Write out again the lines from the line with "The ALLoRA family" up to and including the line with "Tailored collar, Braided", exactly as they stand below, and skip any picture.

Data provided:
:::::

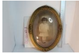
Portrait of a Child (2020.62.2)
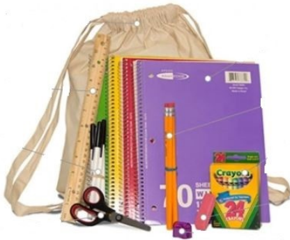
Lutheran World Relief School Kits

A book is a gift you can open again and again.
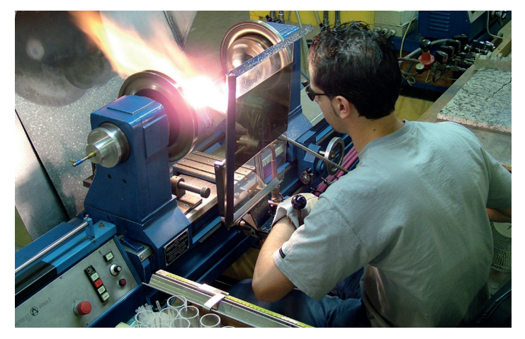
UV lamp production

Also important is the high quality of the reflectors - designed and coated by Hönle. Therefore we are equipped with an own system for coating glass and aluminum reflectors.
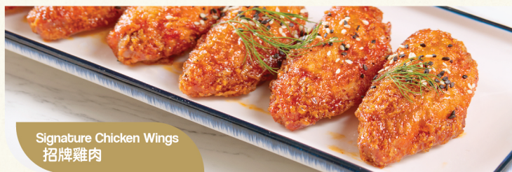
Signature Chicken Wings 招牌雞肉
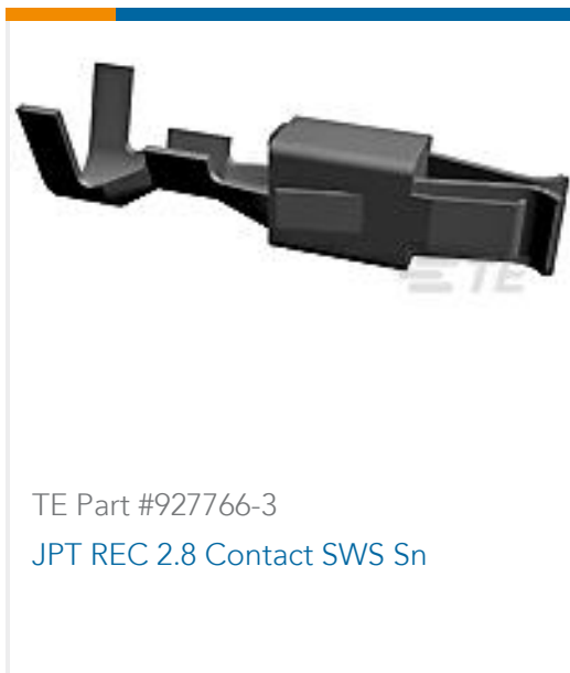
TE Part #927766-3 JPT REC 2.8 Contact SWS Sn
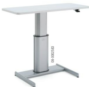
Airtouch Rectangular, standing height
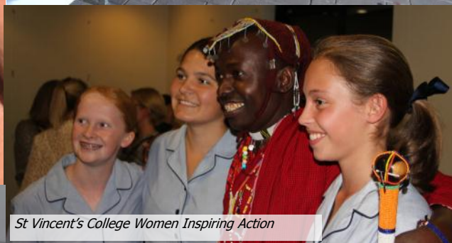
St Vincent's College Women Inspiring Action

:::::

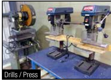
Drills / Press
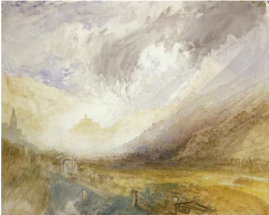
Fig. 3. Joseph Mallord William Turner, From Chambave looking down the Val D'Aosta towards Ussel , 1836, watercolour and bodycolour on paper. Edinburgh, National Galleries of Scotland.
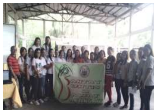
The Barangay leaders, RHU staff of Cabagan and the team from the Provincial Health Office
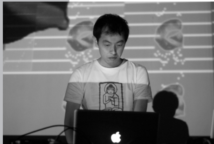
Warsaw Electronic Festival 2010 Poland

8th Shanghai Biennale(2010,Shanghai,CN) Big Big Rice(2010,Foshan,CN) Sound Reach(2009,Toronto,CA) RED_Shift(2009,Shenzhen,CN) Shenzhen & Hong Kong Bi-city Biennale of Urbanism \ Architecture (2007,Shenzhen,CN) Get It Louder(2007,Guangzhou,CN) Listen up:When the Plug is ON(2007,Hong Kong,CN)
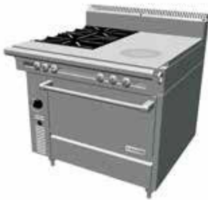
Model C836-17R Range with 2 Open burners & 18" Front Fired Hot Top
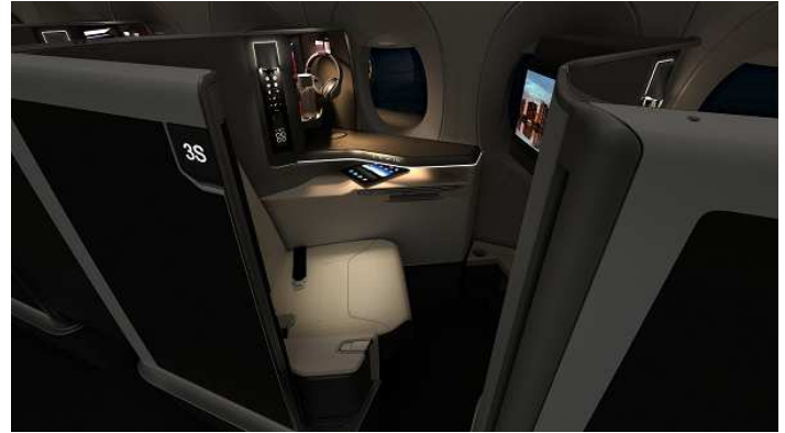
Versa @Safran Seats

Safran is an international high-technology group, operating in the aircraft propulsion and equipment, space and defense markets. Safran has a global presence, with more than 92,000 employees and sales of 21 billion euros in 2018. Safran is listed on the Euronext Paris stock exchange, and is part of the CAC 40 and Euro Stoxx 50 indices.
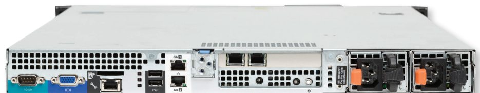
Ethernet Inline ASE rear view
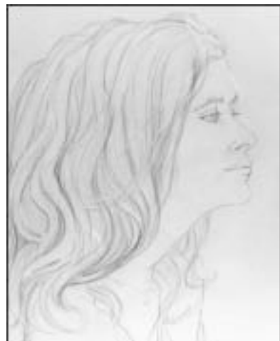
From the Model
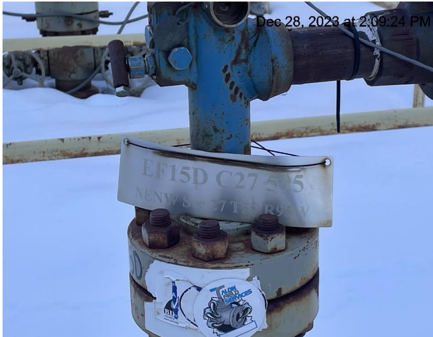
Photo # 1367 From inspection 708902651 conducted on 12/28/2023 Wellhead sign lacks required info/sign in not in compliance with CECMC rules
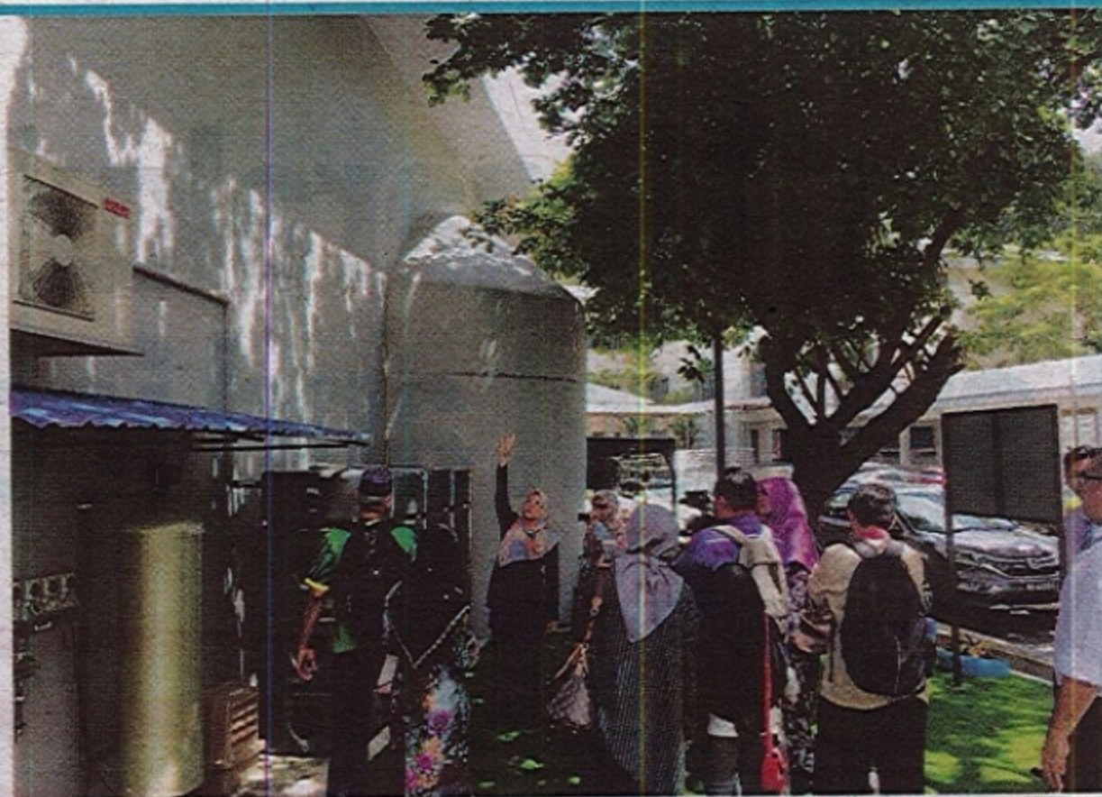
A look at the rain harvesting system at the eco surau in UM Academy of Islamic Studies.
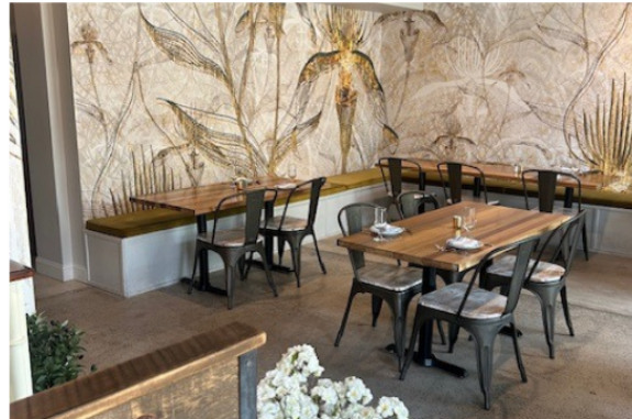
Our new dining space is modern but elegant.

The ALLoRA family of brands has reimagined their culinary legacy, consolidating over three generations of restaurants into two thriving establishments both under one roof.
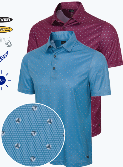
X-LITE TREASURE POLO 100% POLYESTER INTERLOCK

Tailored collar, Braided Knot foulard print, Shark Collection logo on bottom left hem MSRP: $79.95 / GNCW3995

:::::

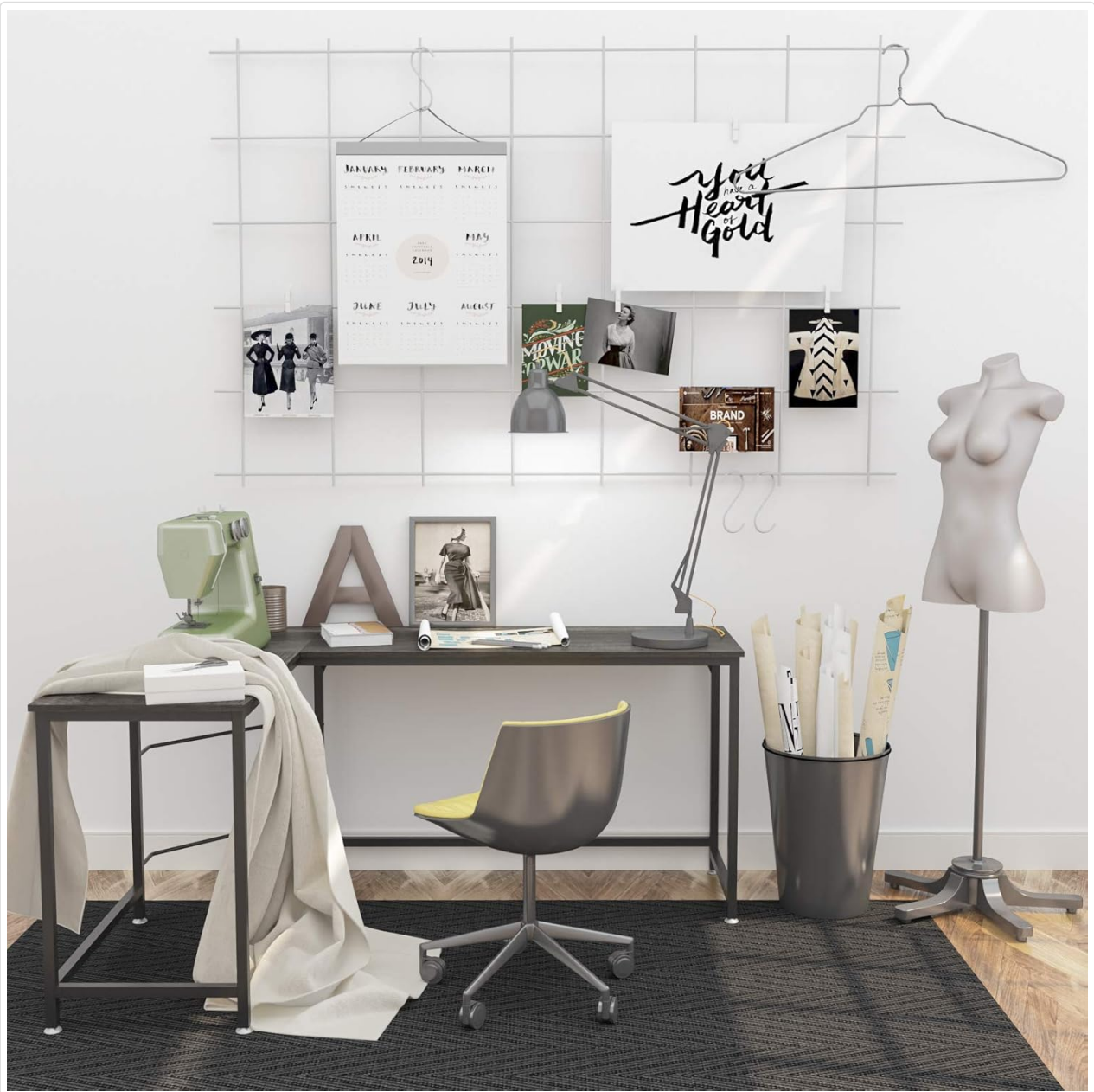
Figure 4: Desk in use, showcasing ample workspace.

:::::

Solution for this task:
The ALLoRA family of brands has reimagined their culinary legacy, consolidating over three generations of restaurants into two thriving establishments both under one roof.
X-LITE TREASURE POLO 100% POLYESTER INTERLOCK

Tailored collar, Braided Knot foulard print, Shark Collection logo on bottom left hem MSRP: $79.95 / GNCW3995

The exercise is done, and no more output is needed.